Simulated Author's Rebuttal

2 responses · 2 unresolved

We thank the referee for the constructive and detailed feedback. We address each major comment below, clarifying the labeling methodology and indicating revisions to improve transparency and address concerns about label reliability.

read point-by-point responses
  1. Referee: [Abstract / Dataset construction] Abstract and dataset construction section: the central claim that 'general-purpose LLMs cannot substitute for domain-adapted models' rests entirely on the 3,105 labels being accurate and free of systematic bias. The manuscript describes only 'LLM-assisted labeling with heuristic validation' but reports no inter-annotator agreement, no expert review statistics, no details on the labeling LLM or the specific heuristics, and no explicit checks for labeler-model alignment on ambiguous cases (e.g., administrativo vs. civel). This leaves open the possibility that the observed performance gap reflects label contamination rather than inherent model limitations.

    Authors: We agree that the original manuscript lacked sufficient detail on the annotation pipeline, which weakens the central claim. In the revised version we will expand the Dataset Construction section to name the initial labeling model (GPT-4o), list the concrete heuristics (keyword matching against Brazilian legal terminology, consistency checks against TJSC metadata fields, and rejection of low-confidence LLM outputs), and report the fraction of labels altered by the heuristics (approximately 12%). Because the process was LLM-assisted with rule-based validation rather than multi-human annotation, traditional inter-annotator agreement was not computed; we will add an explicit limitations paragraph acknowledging this design choice and the residual risk of label noise on borderline administrativo/civel cases. We maintain that the heuristics were intentionally conservative and targeted obvious misclassifications, but we accept that this does not constitute independent expert adjudication. revision: yes

  2. Referee: [Results] Results section (class-specific F1 scores): the striking gap on administrativo is presented as evidence of LLM bias, yet without independent expert validation of the labels for borderline cases or an analysis of whether the heuristics primarily corrected obvious errors rather than subtle legal distinctions, it is unclear whether the 0.91 F1 for the fine-tuned model demonstrates superior discrimination or simply better alignment with the (potentially LLM-derived) ground truth.

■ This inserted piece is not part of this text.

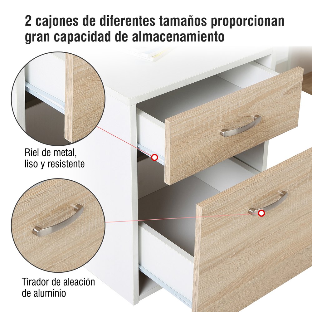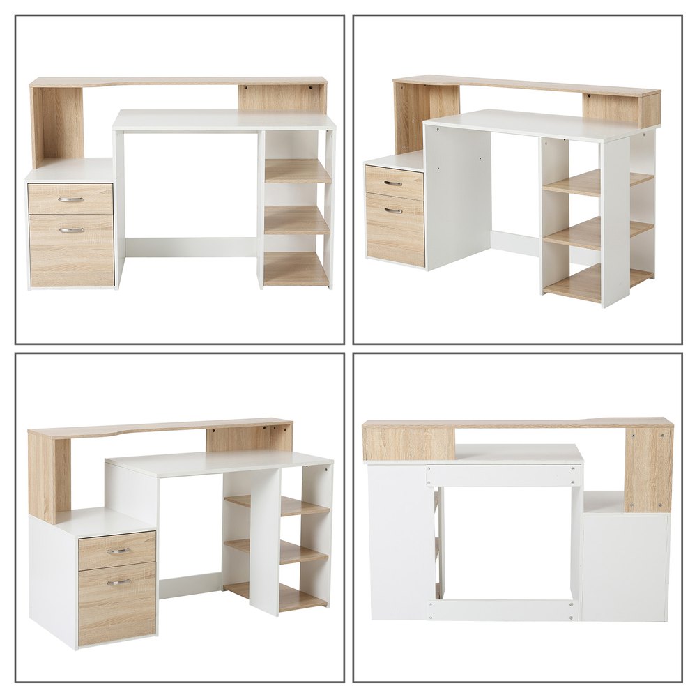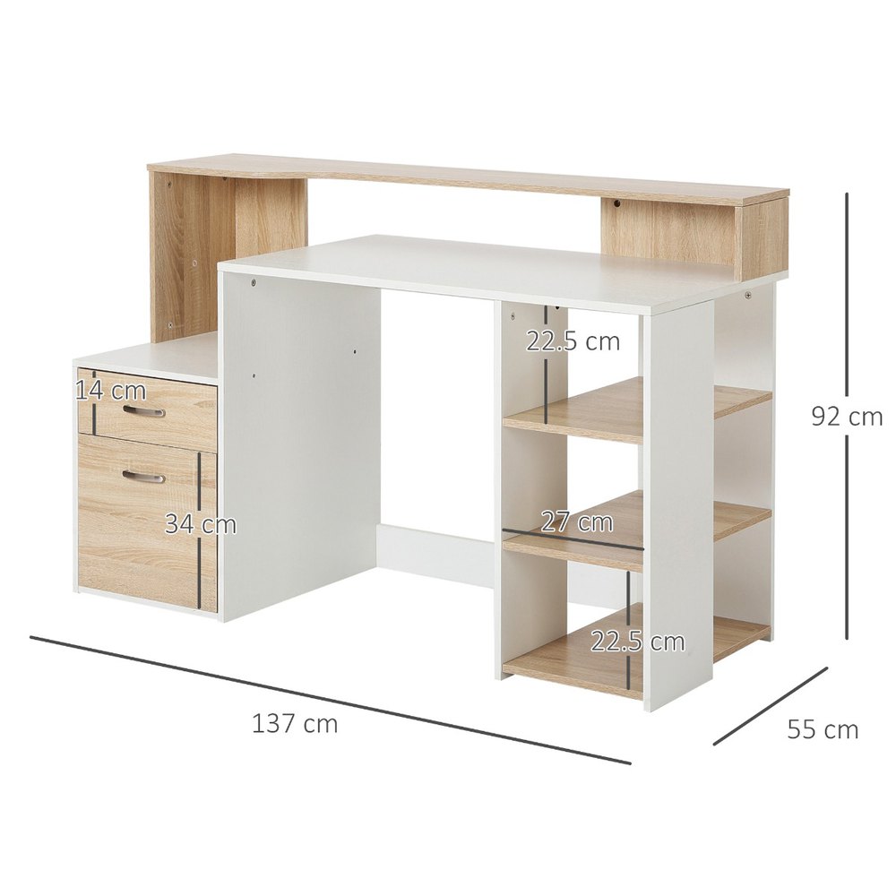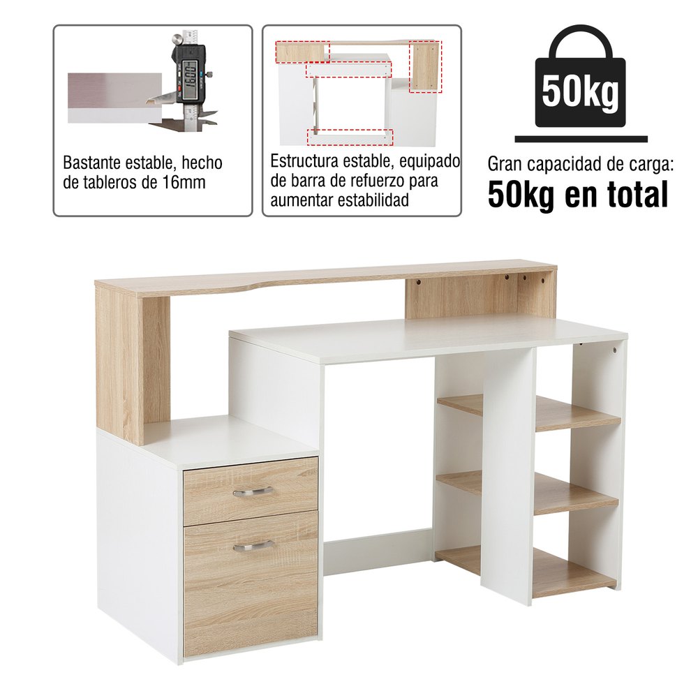 Mesa de escritorio para ordenador PC es ideal colocar en la oficina, despacho, estudio para estudiar o hacer trabajo en casa.Nuestras mesas y escritorios disponen de estanteria de 3 compartimientos, una tabla para colocar productos pequeños, una mesa para colocar ordenar y impresora, dos cajones grandes.Esta mesa de escritorio profesional combina bien con otros muebles y tambien sera ideal como mobiliario de oficina.Características:- Adecuado para espacios de trabajo en oficina y en casa.- Hecho de MDF, la construcción resistente te permite trabajar y almacenar mejor.- Dos cajones, tres estantes, una encimera grande y un estante con respaldo alto.- Cajones deslizantes con rieles metálicos y asas de aluminio para abrir y cerrar fácilmente.- Diseño compacto para adaptarse a habitaciones limitadas.- Requiere montaje.Especificaciones:- Color:roble y blanco.- Material:MDF.- Medidas totales:137x55x92 cm (LxANxAL).- Superficie de la mesa grande:97x55cm (LxAN).- Superficie de la mesa de impresora:39,6×54,5 cm (LxAN).- Superficie de tabero superior:137×30/20 cm (LxAN).- Medidas del cajon pequeño:38×14 cm (LxAN).- Medidas del cajon grande:38×34 cm (LxAN).- Medidas de cada estante:27x51x22,5 cm (LxANxAL).- Carga maxima:50 kg.- Este producto viene con 2 paquetes.

    Authors: We acknowledge the interpretive ambiguity. The revised manuscript will include a new subsection under Results that (i) shows label distribution before and after heuristic validation, (ii) provides concrete examples of administrativo cases where the initial LLM label was overridden by heuristics, and (iii) reports error patterns of the zero-shot models on those same cases. While we cannot retroactively obtain independent expert validation, the fine-tuned BERTimbau-LoRA was trained on the final validated labels and still generalizes to a held-out test set; its advantage is therefore not merely memorization of the annotation artifacts. We will also add a qualitative discussion contrasting the legal distinctions captured by the domain-adapted model versus the civil-law default bias observed in the commercial LLMs. revision: partial

standing simulated objections not resolved
  • Independent expert review or adjudication of ambiguous labels (especially administrativo vs. civel) was never performed; the original study relied solely on LLM-assisted labeling plus heuristics.
  • Inter-annotator agreement statistics are unavailable because the annotation pipeline did not involve multiple human annotators.

Circularity Check

0 steps flagged

No circularity: purely empirical benchmark with direct held-out measurements

full rationale

The paper introduces LegalBench-BR as an empirical benchmark dataset of 3,105 annotated appellate proceedings and reports direct performance measurements (accuracy, macro-F1) of zero-shot LLMs versus a LoRA-fine-tuned BERTimbau on a class-balanced held-out test set. No mathematical derivation, fitted parameters, predictions, or first-principles claims are present; all reported numbers are computed against the released labels without reduction to self-defined inputs or self-citation chains. The labeling process (LLM-assisted with heuristic validation) is described as a data-creation step rather than a tautological fit, and the central claim follows straightforwardly from the observed gaps on held-out data.

Axiom & Free-Parameter Ledger

0 free parameters · 1 axioms · 0 invented entities

The central claim depends on the assumption that the collected TJSC proceedings and LLM-assisted labels form a representative and correctly labeled test bed for Brazilian legal classification.

axioms (1)
  • domain assumption The five legal areas are mutually exclusive and exhaustive for the sampled appellate proceedings
    Invoked when defining the 5-class classification task and balanced test set.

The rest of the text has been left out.